Please output all of the entries exactly and omit any images they hold.

START RECORD EXCERPTS

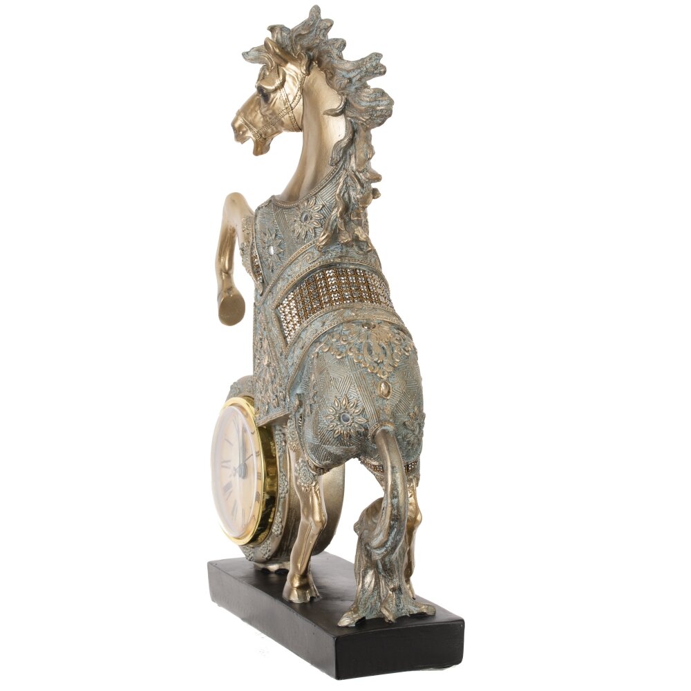 Декоративная фигурка "Лошадь" с часами — это изысканный и функциональный акцент для вашего интерьера, сочетающий элегантность и практичность! Выполнена из прочного полистоуна, устойчивого к царапинам и пыли. Установлена на подставке. Фигурка изображает реалистичную золотую лошадь в динамичной позе курбет (на задних ногах), с высокой детализацией: мускулистое тело, выразительная морда, развивающаяся грива и хвост, словно ожившие под ветром. Нарядная попона украшена изысканным узором и старазми, придающим праздничный шарм. Круглые часы с диаметром циферблата 7 см имеют римские цифры и работают от одной батарейки АА (батарейки не прилагаются). Это практичный подарок как символ года Лошади, идеальный для коллекционеров, любителей лошадей и ценителей стильного декора. Прекрасно дополнит полку, стол или витрину, принося нотку грации и функциональности в любое пространство!
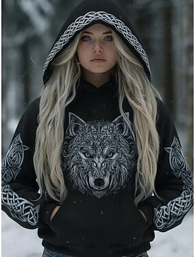 女性用 プルオーバー フーディー スウェットシャツ パッチワーク プリント フロントポケット グラフィック 動物 ヴィンテージ カジュアル ボヘミアン 長袖 フード付き レギュラートップス カジュアル ストリート 日常着 ブラック 冬
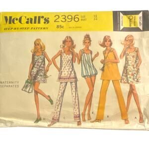 McCalls 2396 Pattern Dress Top Pant Short Miss 12 Maternity Bump Friendly Boho
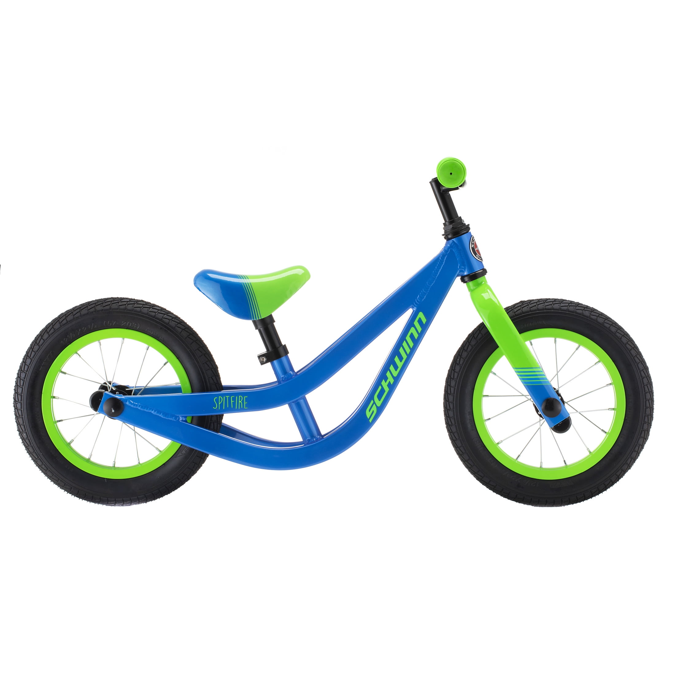 Make learning to ride easier and more fun with the Spitfire balance bike by Schwinn. This unique balance bike helps your child learn to ride by putting the focus on balance. Your child starts by siting on the seat with their feet on the ground, pushing themselves along. Soon their strides will become longer and longer until they’re gliding along just as they would on a standard bike. The Spitfire also has some pretty cool ergonomic features. For example, the low step-through design makes it easy to get on and off the bike, while enclosed axle nuts provide increased safety. The Spitfire’s saddle is tailor made for children to use a walk/running motion comfortably. Plus, the small diameter handlebar and grips are easy for little hands to control. Like all Schwinn bikes, the Spitfire comes with a limited lifetime warranty for as long as you own the bike. Make learning to ride a blast with the Spitfire by Schwinn. See our products in action.
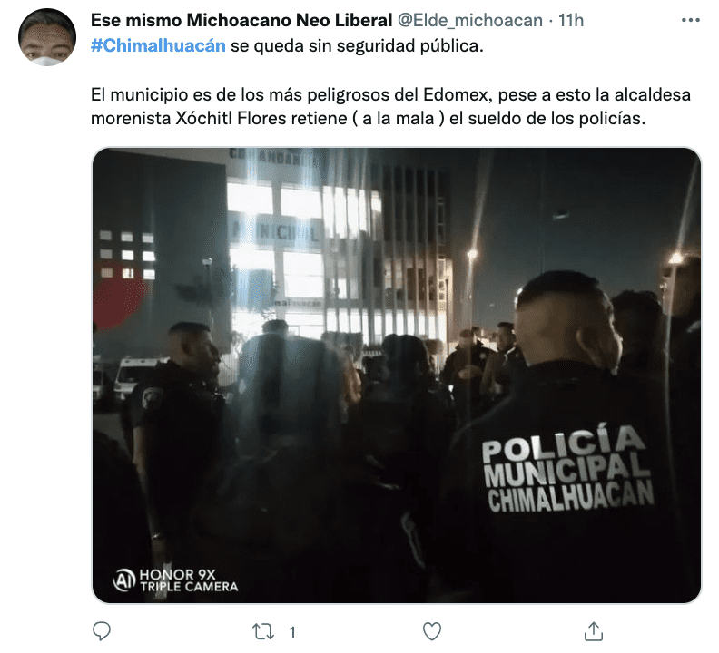 #Chimalhuacán pasa hacer un municipio inseguro, ya que el actual gobierno morenista redujo el salario a los uniformados y despidió a otros por el simple hecho de no querer pagar su labor.
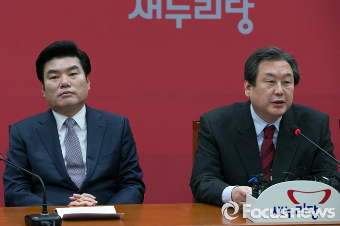 (서울=포커스뉴스) 김무성(오른쪽) 새누리당 대표가 21일 오전 서울 여의도 국회에서 열린 최고위원회의에 참석해 모두발언하는 동안, 원유철 원내대표가 생각에 잠겨 있다.

END RECORD EXCERPTS

- **TASK RESULT**
 Декоративная фигурка "Лошадь" с часами — это изысканный и функциональный акцент для вашего интерьера, сочетающий элегантность и практичность! Выполнена из прочного полистоуна, устойчивого к царапинам и пыли. Установлена на подставке. Фигурка изображает реалистичную золотую лошадь в динамичной позе курбет (на задних ногах), с высокой детализацией: мускулистое тело, выразительная морда, развивающаяся грива и хвост, словно ожившие под ветром. Нарядная попона украшена изысканным узором и старазми, придающим праздничный шарм. Круглые часы с диаметром циферблата 7 см имеют римские цифры и работают от одной батарейки АА (батарейки не прилагаются). Это практичный подарок как символ года Лошади, идеальный для коллекционеров, любителей лошадей и ценителей стильного декора. Прекрасно дополнит полку, стол или витрину, принося нотку грации и функциональности в любое пространство!
 女性用 プルオーバー フーディー スウェットシャツ パッチワーク プリント フロントポケット グラフィック 動物 ヴィンテージ カジュアル ボヘミアン 長袖 フード付き レギュラートップス カジュアル ストリート 日常着 ブラック 冬
 McCalls 2396 Pattern Dress Top Pant Short Miss 12 Maternity Bump Friendly Boho
 Make learning to ride easier and more fun with the Spitfire balance bike by Schwinn. This unique balance bike helps your child learn to ride by putting the focus on balance. Your child starts by siting on the seat with their feet on the ground, pushing themselves along. Soon their strides will become longer and longer until they’re gliding along just as they would on a standard bike. The Spitfire also has some pretty cool ergonomic features. For example, the low step-through design makes it easy to get on and off the bike, while enclosed axle nuts provide increased safety. The Spitfire’s saddle is tailor made for children to use a walk/running motion comfortably. Plus, the small diameter handlebar and grips are easy for little hands to control. Like all Schwinn bikes, the Spitfire comes with a limited lifetime warranty for as long as you own the bike. Make learning to ride a blast with the Spitfire by Schwinn. See our products in action.
 #Chimalhuacán pasa hacer un municipio inseguro, ya que el actual gobierno morenista redujo el salario a los uniformados y despidió a otros por el simple hecho de no querer pagar su labor.
 (서울=포커스뉴스) 김무성(오른쪽) 새누리당 대표가 21일 오전 서울 여의도 국회에서 열린 최고위원회의에 참석해 모두발언하는 동안, 원유철 원내대표가 생각에 잠겨 있다.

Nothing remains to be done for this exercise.